It’s a touchy subject for both sides: Some people believe a tobacco ban infringes on smokers’ rights, and others believe the habits of smokers put the health of non-smokers at risk. Just from looking at these two sides of the smoking divide, it’s clear that a better, enforceable ban be put in place because the right to smoke goes out the window when it affects the health of non-smokers.
It is universally accepted that smoking is unhealthy, both for the smoker, and those around the smoker. This isn’t exactly groundbreaking news. Smokers are perfectly free to ruin their health, but when their habit harms others, we need to stand against it as a community.
Most smokers report that they want to quit smoking, but can’t. This is a point I have seen used against the smoking ban, surprisingly enough, that it is unreasonable to ask a smoker to quit smoking, so the ban is unfair. The problem with that argument is two-fold.
First of all, it caters to an unhealthy lifestyle. Rules should not be made or changed to benefit someone who is harming themselves or those around them, because that is the opposite of what a university’s goals should be.

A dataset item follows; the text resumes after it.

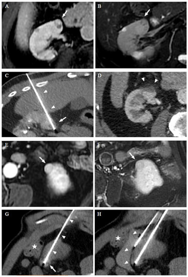 RFA of a 68-year-old man with Birt–Hogg–Dubé syndrome who had a history of partial nephrectomy and presents two ccRCCs treated in two separate sessions. Dynamic axial T1w sequences with fat suppression after gadolinium injection (A) and axial T2w image with fat saturation (B) show the first ccRCC (arrow) treated. Computed tomography (CT) images in the axial plane obtained during the RFA show the transhepatic probe (arrowheads) into the lesion (arrow) (C). CT images in the axial plane on the follow-up 6 months later show a RFA scar (arrow) (D). Dynamic axial T1w sequences with fat suppression after gadolinium injection (E) and axial T2w image with fant saturation (F) show the second ccRCC (arrow) developed in the left kidney 26 months after the initial RFA session. CT images in the axial plane obtained during the 2nd session of RFA show the RFA probe (arrowheads) into two of the lesions (G), and hydrodissection with 60 cc of serum glucose 30% was performed to protect the colon (star) (H). The patient was alive with no local progression or distant metastasis 33 months after the initial thermal ablation.

Second, the argument would hold more weight if they truly were stuck in their situation, but the reality is that there are a number of alternatives to smoking. Nicotine Patches and E-cigarettes solve every problem a smoker could have. They are much cheaper, have no lasting odor and even come with programs to help smokers who want to quit slowly do so, with packages offering smaller and smaller doses of nicotine per cigarette.
I get that smoking can suck even for the smoker, and I definitely do not resent the smokers themselves, unless it is harming others. I see students go far out of their way to smoke their cigarettes away from the apartments, and by the dumpster, or somewhere where students wont often be forced to breathe in secondhand smoke, and I have never had a problem with this. As long as littering doesn’t become a problem, it doesn’t affect anyone else.
Because of this, if the ban sees harsher changes, it should also be limited to banning smoking only in certain areas, such as within a certain distance from an apartment door, or the front entrance to a building. If someone is willing to make the effort to only smoke where no one else has to inhale tobacco, they should not punished for it.
That being said, this “pseudo-ban” needs to have some real teeth behind it, or the policy will continue to be a joke.